- Indigo Stray Conger, LMFT, Indigo Stray Conger, LMFT, is an AASECT-certified sex therapist and relationship therapist. She works closely with her clients to achieve their unique vision of a satisfying relationship landscape and to attain personal ease and fulfillment.
I assume the answers to my personalized take on “Let me Google that for you” would all be a human incarnation of the upside-down smiley face emoji. That’s to say, my husband doesn’t want to irritate me; he’s empathetic, sensitive, smart, and kind. He’s also completely oblivious and doesn’t want to not irritate me enough to spend two minutes looking for items that are right in front of him. During our time in quarantine in our tiny apartment with a tinier kitchen, I’ve officially grown tired of being the keeper of all things we share. We’re both spending more hours than ever inside these same walls, and we’re both cooking more meals than we used to. Why is it that only one of us is capable of finding the correct size Tupperware lid for its corresponding container? (It's me. I'm apparently the only one who can find the lid.)

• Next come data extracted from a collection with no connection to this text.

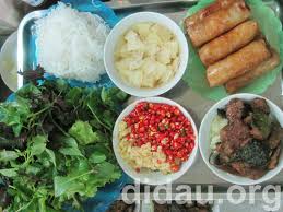 ソン はい。ハノイ人が週に何回も食べるブンチャーは、揚げ春巻きや炭火で焼いた豚バラ肉の薄切り、つくねをヌックマムのきいた甘酸っぱいタレに入れて、米の細麺ブンと一緒に食べるものです。
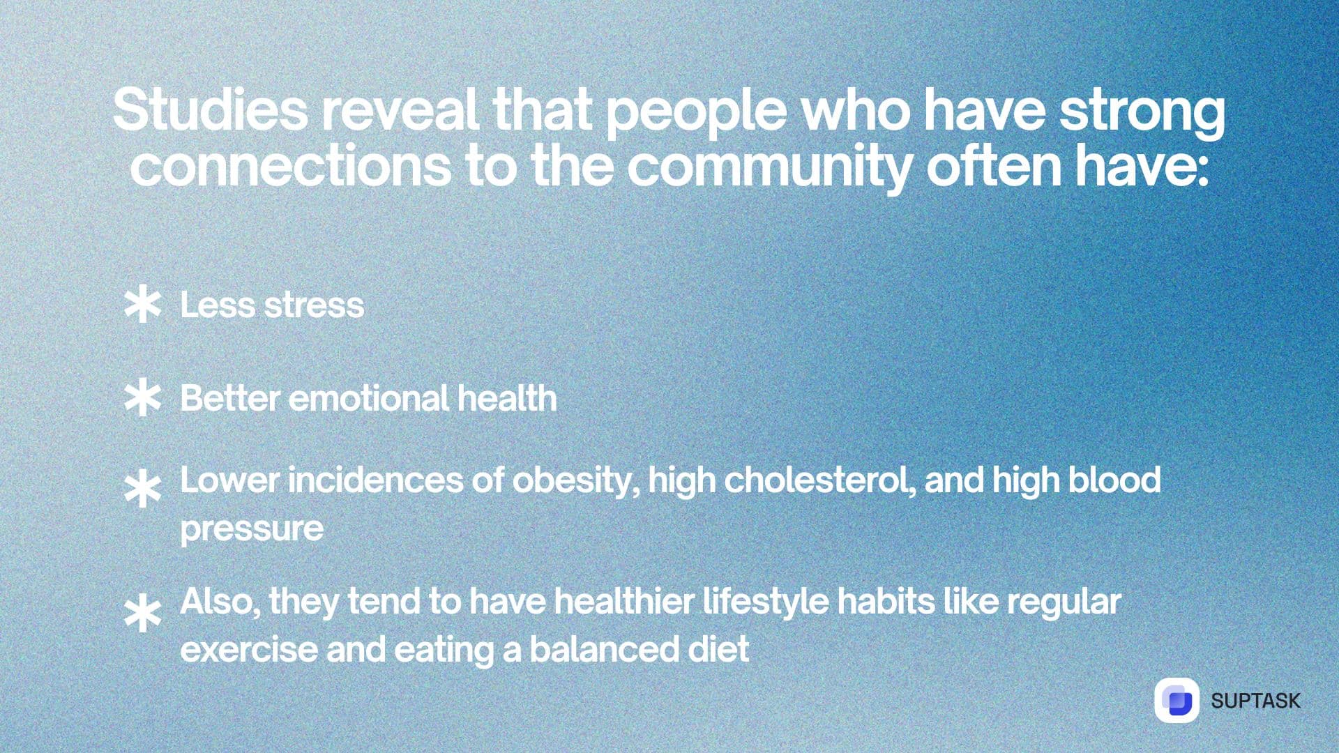 A community can significantly benefit mental and physical health in various ways, such as reducing stress, fighting loneliness, and promoting an even healthier lifestyle
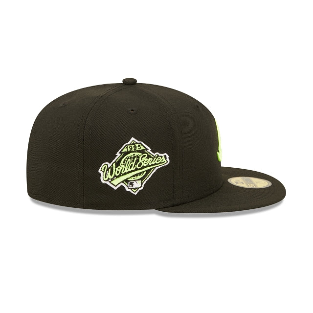Esta gorra New Era 59FIFTY de Atlanta Bravesde la colección MLB Summer Pop presenta un logo de los Braves en color neón bordado en los paneles frontales con un parche de World Series en el lado derecho y un logotipo de MLB Batterman en la parte trasera. Detalles adicionales incluyen una undervisor con estampado de piel de serpiente. Cómprala ya.
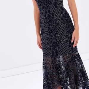 Elegant navy lace midi dress. Strapless design. Scalloped hemline. Perfect for special occasions.
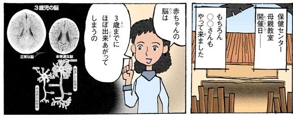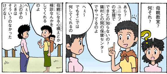 「乳幼児総合ケア」とは、どんな意味でしょうか。かんたんに言うと、愛情あふれる育児の大切さを途上国の人たちにも知ってもらおうということです。ユニセフの大切な活動のひとつでもあります。さて、どうして知ってもらうことが大切なのでしょうか…?

According to one relationship therapist, a lot of my frustration may have to do with the unequal household division of labor in quarantine and also with emotional labor, which journalist Gemma Hartley previously described to Well+Good as “the often unnoticed labor that goes into keeping those around you comfortable and happy.” Research has long shown that women bear the burden of emotional labor at work (where they’re underrepresented), and at home (where the household division of labor is still not equal, even when both partners have full-time jobs outside of the house). So it’s not a new thing that I have about seven cartons of chicken stock at any given time because my husband doesn’t know where they are—second shelf, above the microwave, in plain sight, eye roll—so he routinely buys a new one whenever he sees one.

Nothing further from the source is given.